3. Borrower shall have secured, on or before the date of this Agreement, an extension of or the replacement of the Interest Rate Protection Agreement, which shall (i) be for a term commencing on or prior to the date hereof and expiring no earlier than the Third Extended Maturity Date, (ii) have a notional amount which shall not at any time be less than the outstanding principal balance of the Loan, (iii) have a strike price equal to six percent (6.00%), (iv) be with a Counterparty satisfying the requirements set forth in Section 2.6 of the Loan Agreement (as amended by this Agreement), (v) have terms acceptable to Lender, and (vi) be assigned to Lender.
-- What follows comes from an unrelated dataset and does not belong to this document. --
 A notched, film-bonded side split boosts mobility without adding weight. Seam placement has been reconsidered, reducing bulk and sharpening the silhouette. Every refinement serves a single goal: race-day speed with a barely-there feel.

4. Borrower shall have delivered to Lender, at Borrower’s sole cost and expense (a) an updated title search for the Property, (b) a title insurance date down endorsement issued in connection with the Title Insurance Policy insuring the continued priority of the lien of the Existing Mortgages, which shows no encumbrances on the Property other than the Permitted Encumbrances and any subsequent encumbrances expressly approved in writing by Lender and (c) new or updated appraisals, environmental reports, and engineering reports, if required by Lender.
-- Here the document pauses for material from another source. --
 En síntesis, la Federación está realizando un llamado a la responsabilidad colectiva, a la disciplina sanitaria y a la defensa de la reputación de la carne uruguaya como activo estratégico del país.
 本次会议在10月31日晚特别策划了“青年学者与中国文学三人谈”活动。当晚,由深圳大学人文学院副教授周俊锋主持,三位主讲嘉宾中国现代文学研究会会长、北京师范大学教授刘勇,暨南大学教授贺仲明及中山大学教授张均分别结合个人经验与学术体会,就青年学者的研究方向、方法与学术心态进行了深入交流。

5. Borrower shall have paid to Lender an application fee in an amount equal to $170,500.00.
6. An original copy of this Agreement executed by Borrower and Guarantor and all other documentation related to the extension of the Loan as contemplated by this Agreement shall be delivered to Lender.
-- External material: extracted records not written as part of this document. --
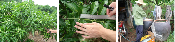 海南三亞英州鎮(zhèn)種植戶蔡桂香,在2010年5月20日,使用15%國光多效唑可濕性粉劑、50%國光青鮮素可濕性粉劑對臺農(nóng)芒進行葉面控梢處理。后期表現(xiàn)效果:葉片濃綠加厚,枝梢及時停止生長,不“沖梢”;枝梢生長短壯。圖為蔡貴香果園。
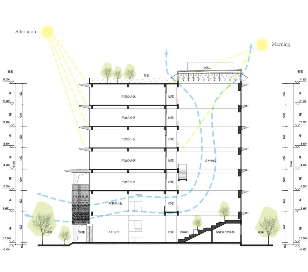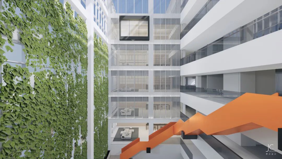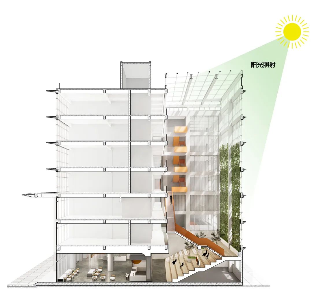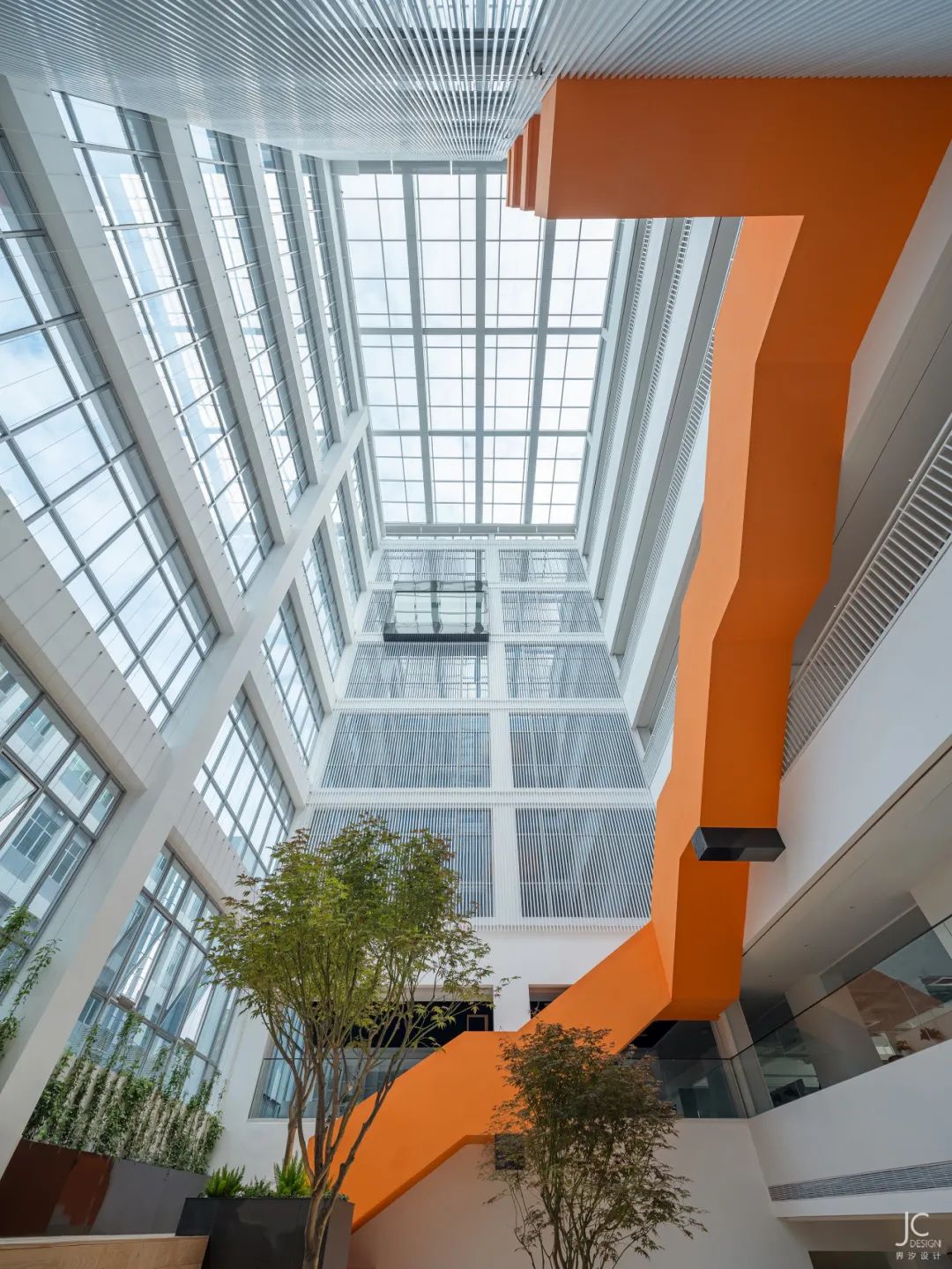 设计师将建筑中庭直通屋面,自然的风通过开启的屋顶,贯穿整个建筑,形成冷巷效应,散热降温,使空调系统在最佳状态下运作,降低实际运行能耗,有效改善建筑内部环境的微气候,打造一座“会呼吸”的建筑。
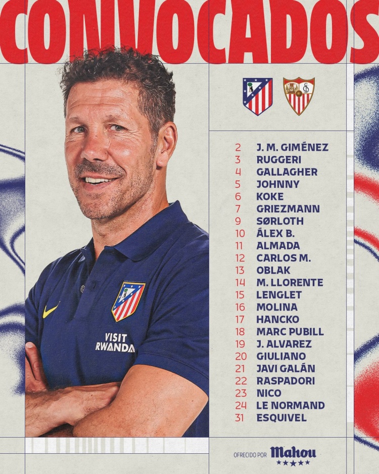马竞主场对阵塞维利亚大名单:格列兹曼领衔,
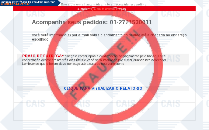 Esta página tem função informativa e educativa. Exibe uma coleção de imagens de phishing scam (fraudes eletrônicas) ou malware (código malicioso) veiculados por meio de spam (e-mail não-solicitado). Trata-se de conteúdo exemplificativo, não exaustivo, uma vez que não é possível contemplar todos os casos de fraudes existentes. Assim, caso você tenha conhecimento de um exemplar que não esteja aqui presente, isto não significa que não seja válido ou real. Inclusive incentivamos que você o envie para análise do CAIS para que, se for o caso, passe a integrar o nosso acervo.
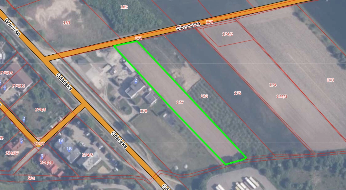 przez działkę przebiega częściowo sieć kanalizacji sanitarnej. Przy działce, w drodze gminnej wodociąg oraz sieć gazowa. Sieć energetyczna w ul. Gdańskiej.

7. Borrower shall have paid to Lender (x) any Principal and interest due in accordance with the terms of the Existing Notes (including, for the avoidance of doubt, interest at the increased Spread from April 1, 2010, as modified pursuant to Section A.5 of this Agreement), (y) any other sums due and payable under the Loan Documents and (z) all other fees, costs and expenses of Lender incident to the preparation and execution hereof and the consummation of this Agreement, including, but not limited to, reasonable attorneys’ fees and disbursements, any servicing fees and any expenses (including, but not limited to, appraisals).
C. Representations, Warranties and Covenants.
1. Borrower covenants to continue to make monthly payments as provided under the Existing Notes on each Payment Date up to and including the Third Extended Maturity Date in the same manner set forth in the Loan Documents
2. Borrower and Guarantor each certifies to Lender that no Default or Event of Default has occurred and is continuing on the date of this Agreement.
3. Borrower and Guarantor acknowledge that, except as expressly set forth herein, nothing contained herein shall be construed to relieve Borrower or Guarantor from any of their respective obligations under the Existing Notes, the Loan Agreement, the Existing Mortgages, the Guaranty, the First Extension Agreement, the Second Extension Agreement and the other Loan Documents.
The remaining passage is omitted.